■ Aim of the exercise
Word for word, copy the lines beginning at the one with "- Anhänger: Tigerauge" and ending at the last line below; pictures stay out.

■ Given material
=== Begin Enclosure ===

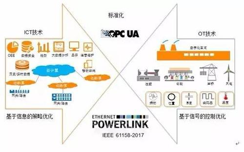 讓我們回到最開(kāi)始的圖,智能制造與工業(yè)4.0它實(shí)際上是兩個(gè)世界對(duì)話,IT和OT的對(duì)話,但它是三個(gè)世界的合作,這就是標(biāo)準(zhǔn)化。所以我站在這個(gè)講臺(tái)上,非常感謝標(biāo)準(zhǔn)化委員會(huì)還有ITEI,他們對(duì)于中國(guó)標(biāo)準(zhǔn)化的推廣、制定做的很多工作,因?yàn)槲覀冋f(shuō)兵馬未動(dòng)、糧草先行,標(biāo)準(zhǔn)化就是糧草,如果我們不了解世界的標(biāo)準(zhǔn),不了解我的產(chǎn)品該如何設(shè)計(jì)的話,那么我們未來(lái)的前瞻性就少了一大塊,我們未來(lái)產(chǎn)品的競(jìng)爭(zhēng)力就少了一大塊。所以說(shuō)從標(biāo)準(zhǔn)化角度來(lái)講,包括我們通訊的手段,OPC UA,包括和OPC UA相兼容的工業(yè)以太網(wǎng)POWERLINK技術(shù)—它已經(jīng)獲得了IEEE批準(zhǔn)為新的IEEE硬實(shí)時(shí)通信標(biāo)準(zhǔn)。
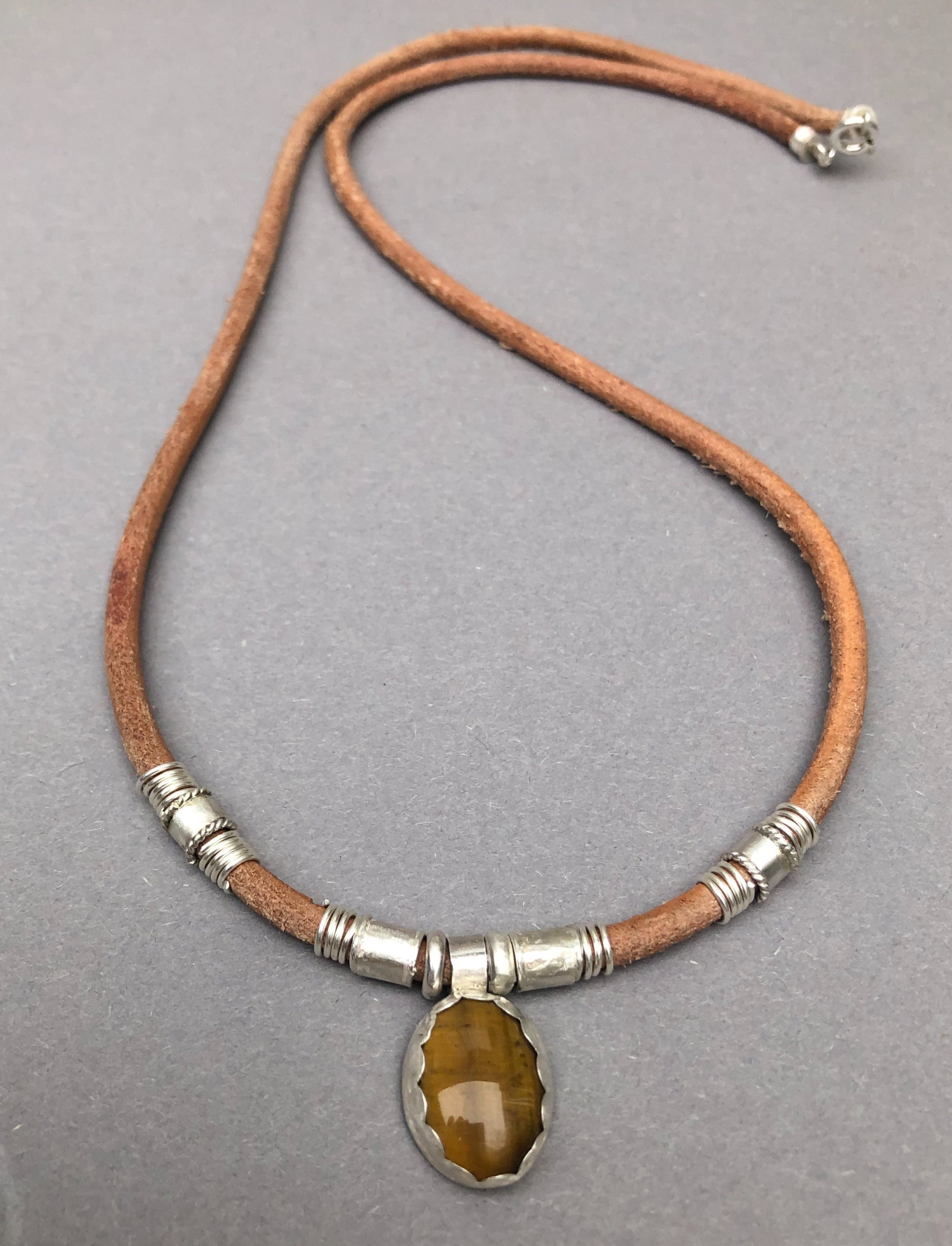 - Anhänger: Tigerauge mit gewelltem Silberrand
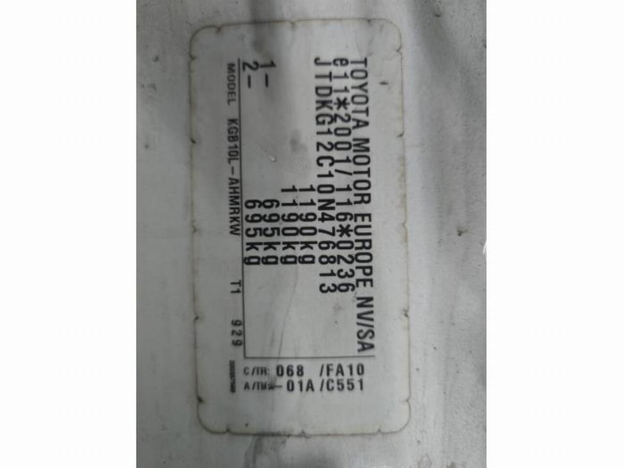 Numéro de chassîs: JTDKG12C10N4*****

=== End Enclosure ===

■ Result for this task
 - Anhänger: Tigerauge mit gewelltem Silberrand
 Numéro de chassîs: JTDKG12C10N4*****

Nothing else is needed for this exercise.